Desolation Island
'May it profit you,' said Stephen, walking off. Through to the Green Park, an expanse lit faintly by the horned moon in which couples could vaguely be seen, and single, waiting figures among the nearer trees. Stephen was not ordinarily a timid man, but the park had seen many murders recently, and tonight he had a greater value for his life than usual: in fact his heart, though admonished and kept down by experience on the one side and prudence (or superstition) on the other, was beating like a boy's. He cut up to Piccadilly and walked down the hill to Clarges Street.
Number seven was a large house let out in apartments, with a porter common to them all; so when he knocked at the door it opened. 'Is Mrs Villiers at home?' he asked in a harsh, formal tone that betrayed the most eager expectation.
'Mrs Villiers? No, sir. She don't live here any more,' said the porter in an absolute, decided, rejecting voice; and he made as though to close the door.
'In that case,' said Stephen, walking quickly in, 'I wish to see the lady of the house.'
The lady of the house was very willing to see him—she had indeed been hovering behind a curtained glass door in the hall, peering through—but she was by no means so inclined to give him any information. She knew nothing about it: such a thing had never happened in her house before: no such person as a Bow Street officer had ever crossed its threshold. She had always taken the greatest pains to ensure that all the inmates of the house were above suspicion, and she had never countenanced the least irregularity.

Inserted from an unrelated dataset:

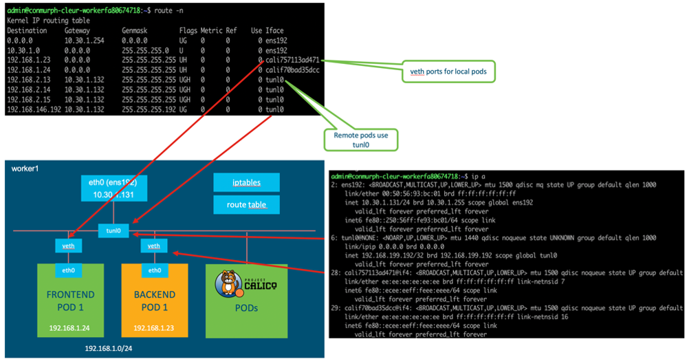 Any time we need to send traffic from a pod on worker 1 (192.168.1.x) to a pod on worker 2 (192.168.2.x) we will send it to the tunl0 interface.

The whole neighbourhood, the whole congregation of St James's, all the tradesmen, could testify that Mrs Moon had never allowed the least irregularity. In the following discourse, which dealt with the difficulties of maintaining the highest reputation, it seemed that there was some question of unpaid bills: Stephen said that any inadvertence in this respect would be remedied directly, and that he would take it upon himself to look into any unsettled account. He was Mrs Villiers' medical adviser—naming himself—and the medical adviser to several members of her family: he was perfectly authorized to do so.
'Dr Maturin!' cried Mrs Moon. 'There is a letter for a gentlemen of that name. I will fetch it.' She brought a single sheet, folded, sealed, and addressed in that well-known hand, together with a number of bills from her desk, tied in a roll with a piece of ribbon. Stephen put the letter into his pocket and looked at the accounts: he had never suspected Diana of moderation, had never supposed that she would live within her income nor within any other income, but even so some of the items startled him.
'Ass's milk,' he said. 'Mrs Villiers is not in a consumption, ma'am; and even if she were, which God forbid, here is more ass's milk than a regiment could drink in a month.'
'It is not for drinking, sir,' said Mrs Moon. 'Some ladies like it to bathe in, for their complexions: not that I ever saw a lady less in need of ass's milk than Mrs Villiers.'
'Well, now, ma'am,' said Stephen after a while, writing down the sums and drawing a line under them, 'perhaps you will be so good as to give me a brief account of how Mrs Villiers came to leave so abruptly; for the apartments, I know, were taken until Michaelmas.'
Mrs Moon's account was neither brief nor particularly coherent, but it appeared that a gentleman, accompanied by several strong-looking attendants, had asked for Mrs Villiers; on being told that she could not receive a gentleman unknown to her, he had walked upstairs, ordering the porter to stay where he was in the name of the law—the attendants produced truncheons with little crowns on them, and no one dared move. She would never have known they were Bow Street runners, but for some of them guarding the back-door and coming into the kitchen: they had told the servants what they were, and they said the gentleman was a messenger from the Secretary of State's office, or something like that—something in the government line. High words were heard upstairs, and presently the gentleman and two of the runners led Mrs Villiers and her French waiting-woman down and into a coach; they were very polite, but firm, and they desired Mrs Villiers not to speak to Mrs Moon or anyone else; and they locked her door behind them. Then the gentleman came back with two clerks, and they took away a quantity of papers.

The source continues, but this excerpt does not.